A number of Whites are in denial
about racism. A greater percentage are even more
dismissive about the potential negative
economic, psychological, and emotional impact
that it can have on the lives of non-Whites.
Such attitudes are manifest in polls like the
recent Pew poll as well as on social media,
online chat rooms, politically oriented
websites, talk radio, private clubs, and
multiple avenues of society. Over the past few
years, several politically right-of-center media
outlets, Fox News and Newsmax in particular,
have shamefully and purposely misrepresented or,
at the very least, manipulated racial incidents
in an effort to appease their viewers.
The fact is that race relations
have gotten worse than they were a decade ago.
This is particularly the case since the Trump
years.
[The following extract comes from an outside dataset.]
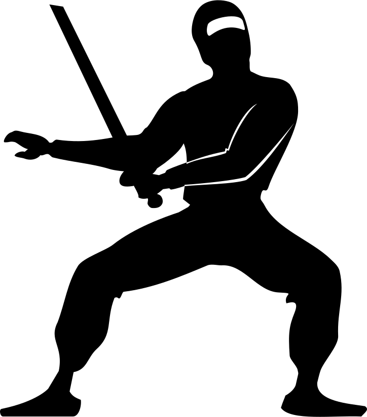 This features a black and white silhouette of a person, possibly a ninja or martial artist, holding a sword in their hand. They are dressed in all black attire, with the exception of their eyes which are visible. The figure appears to be in motion, as if they are performing a stance or preparing for an attack. The silhouette is set against a white background, emphasizing the contrast between the figure and its surroundings.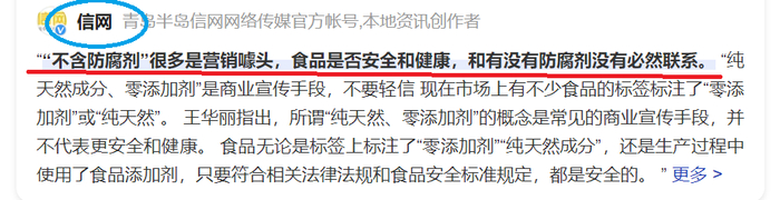 大众报业集团旗下信网报道称:“不含防腐剂”很多是营销噱头,食品是否安全与健康,和有没有防腐剂没有必然联系。

However, as a historian, I can vouch for
the fact that they are somewhat better than they
were in the mid to late 1960s.
Throughout history, Americans
(read White men) have frequently reacted brashly
to dramatic changes, such as reconstruction,
suffrage, the modern civil rights and feminist
movements of the 1960s and 1970s, the election
of Barack Obama in 2008, and so on. The reality
is that as the great 19th century author and
orator Frederick Douglass stated, “Power
concedes nothing without a demand.”
Thus, it is imperative that
those of us who are of good will remain
steadfast in our determination to do all in our
power to prevent the rights for which many of
our parents, grandparents, and forebears fought
so valiantly from being dismantled and
extinguished by those who desire a return to a
more, dark, oppressive, dystopian era. We must
get busy quick. Time is running out, and too
much is at stake.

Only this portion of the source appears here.